Well, she hadn’t slept in all her clothes. Tentatively putting her legs over the side of the cot, she felt around with her toes, found her shoes, slipped them on, and now was completely dressed. As armored as possible under the circumstances, she crept across the rough wood floor and bent her ear to the door. “Hello?”

“Myrtle!” An excited but unidentifiable whisper.

“Who is it?”

“Wally!”

She recoiled. The mastermind! Her own whisper became increasingly sibilant, with falsetto breakthroughs: “What do you want?”

“I don’t dare rescue you yet!”

She frowned at the wood panel of the door: “What?”

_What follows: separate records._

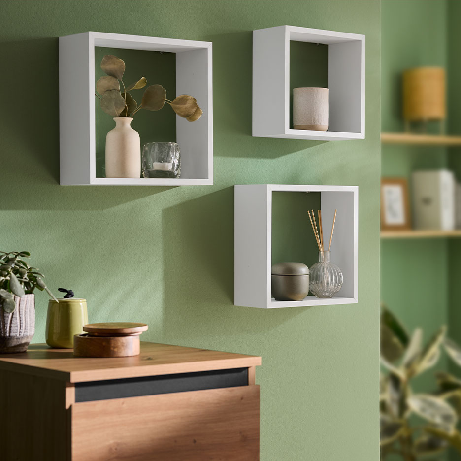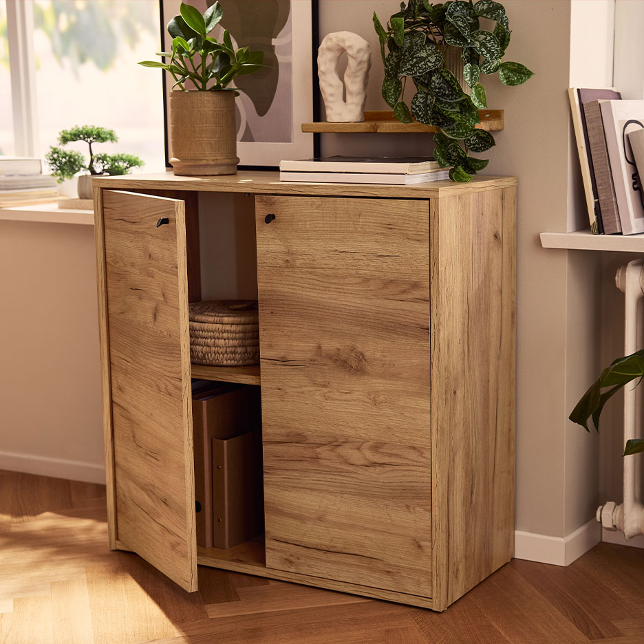 Lowboards oder Kommoden mit geschlossenen Fronten schaffen einen ruhigen Eindruck – egal, ob hinter den Türen Unordnung herrscht. Liebst du offene Regale, verschwindet Krimskrams einfach in hübschen Aufbewahrungsboxen und -körben im Textil-Look.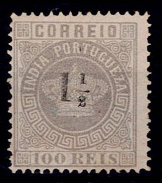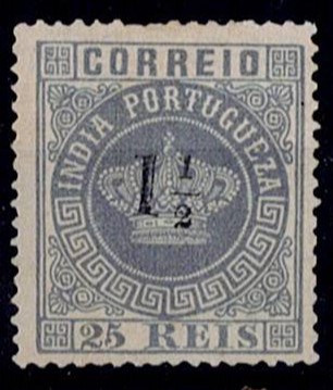 India 1881-83 Crown with surcharge. Stamp Mf#69a, 1.5 s/ 25 reis slate, perforation 13.5. New copy,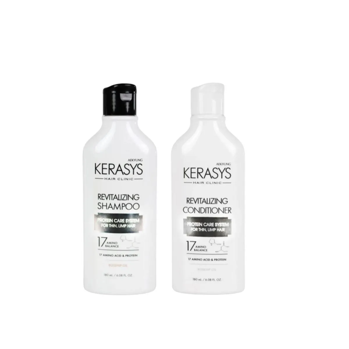 Descrição Kerasys Kit (Duo Revitalizing + Tratamento Própolis Shine) 180ml Kit para cabelos ressecados, porosos, desistrados e sem vida. Contém: 1 Kit Duo Revitalizing 180ml: O Kerasys Revitalizing Rosehip Oil Duo (shampoo + condicionador) foi desenvolvido para cabelos ressecados e sem brilho. Sua fórmula é enriquecida com óleo de rosa mosqueta, rico em ácidos graxos e vitaminas que nutrem profundamente, devolvem vitalidade e promovem um brilho radiante. O duo limpa e condiciona os fios sem pesar, proporcionando maciez, leveza e toque sedoso. Para potencializar o tratamento, o kit acompanha o Mini Leave-In Heat Active Damage Repair (50ml), um finalizador com proteção térmica que repara danos, fortalece a fibra capilar e protege os fios contra o calor de secadores e pranchas. A combinação dos três produtos garante cabelos revitalizados, hidratados, protegidos e saudáveis da raiz às pontas.
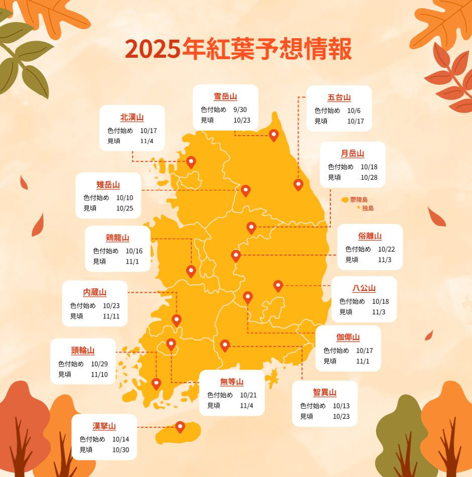 9月に入り夏の暑さが収まりつつある韓国。気温が下がるにつれ、山々の木々が美しく色付きはじめる季節が近づいてきました。2025年の韓国の紅葉は、9月30日頃に雪岳山から始まり、智異山は10月13日頃、漢拏山は10月17日頃から色付き始める見込みです。紅葉の見頃は色付き始めからおよそ2週間後とされ、10月中旬から11月初旬にかけて全国的に見頃を迎える予想となっています。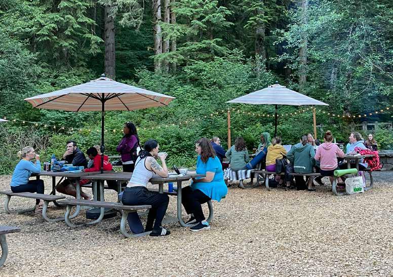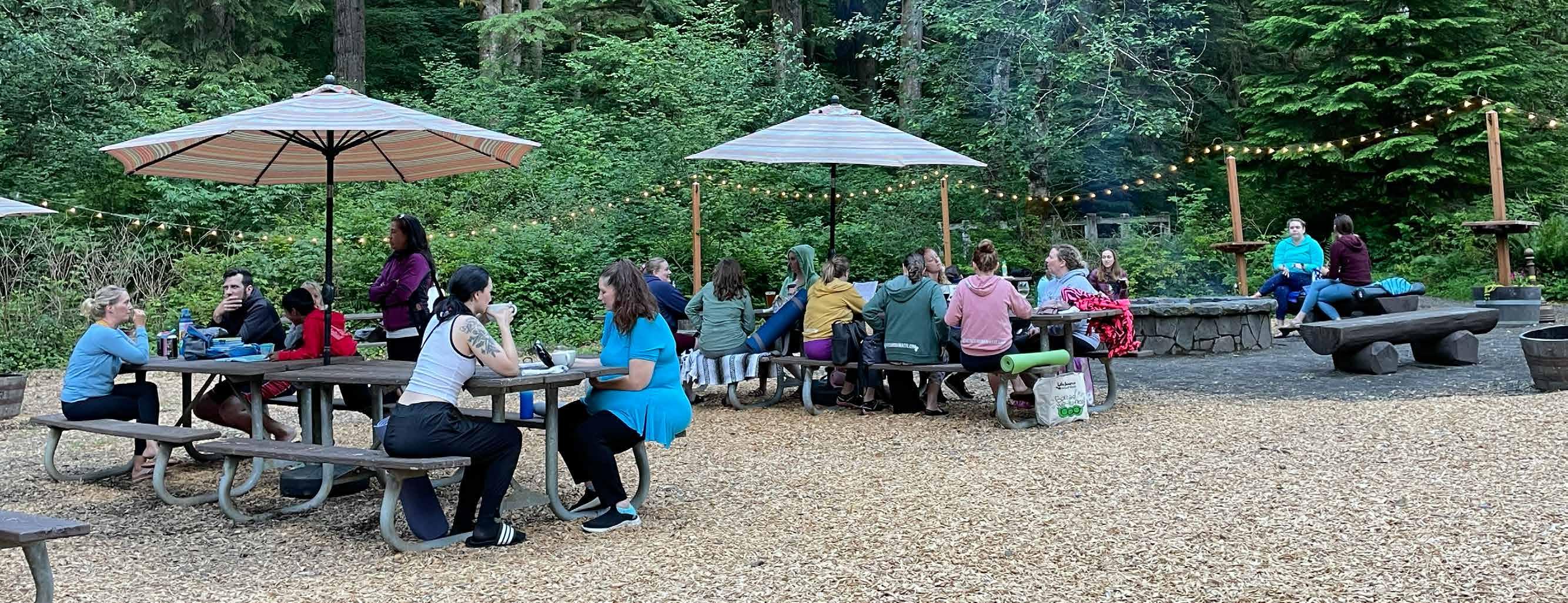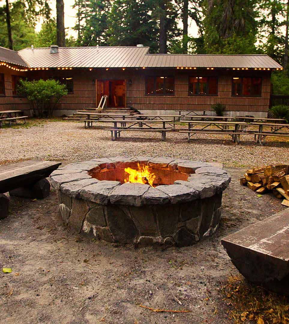Celebrate your event with those nearest and dearest to you in our outdoor courtyard behind our Bigleaf Market & Grill, here in the Smith Creek Village! Surrounded by trees and some romantic string lights, this courtyard is right next to Smith Creek and our Smith Creek Meeting Hall. The courtyard is complete with 12 picnic tables, and a stone firepit with benches for a bonfire (Wood is provided; Fire season restrictions do apply). Multi-stalled Public Restrooms available at front left of the Bigleaf Market & Grill.

“Tonight,” his faint whisper came, “when they’ve all gone— Myrtle?”

“Yesss?”

“Can you hear me?”

“I think so,” she whispered.

“Get down by the keyhole!”

Poison gas. Pygmy dart in her eye. Bending nearer the keyhole but not all the way in front of it, she whispered, “I can hear you.”

“Tonight,” came that rustle of his whisper, “they’ll all be going to the reservoir.”

Devil cults, black masses. Mass poisonings. “Why?”

He ignored that (of course!). “Only May and Murch’s Mom and I will be here. The compu—”

“Who?”

“The two ladies.” Then, his whisper somehow closer, more insinuating, as though his astral person had shinnied through the keyhole and up onto her shoulder, he asked, “Is her name really Gladys?”

“I don’t know anything anymore,” Myrtle wailed, half whispered and half in that screechy falsetto. “I don’t know what anybody’s doing, I don’t know anybody’s real name—”

“You know my real name.”

“Do I?”

“And I know yours.”

That brought her up short. She leaned her palm against the door, its wooden surface surprisingly warm and comforting to her touch. Her mind ran like watercolors.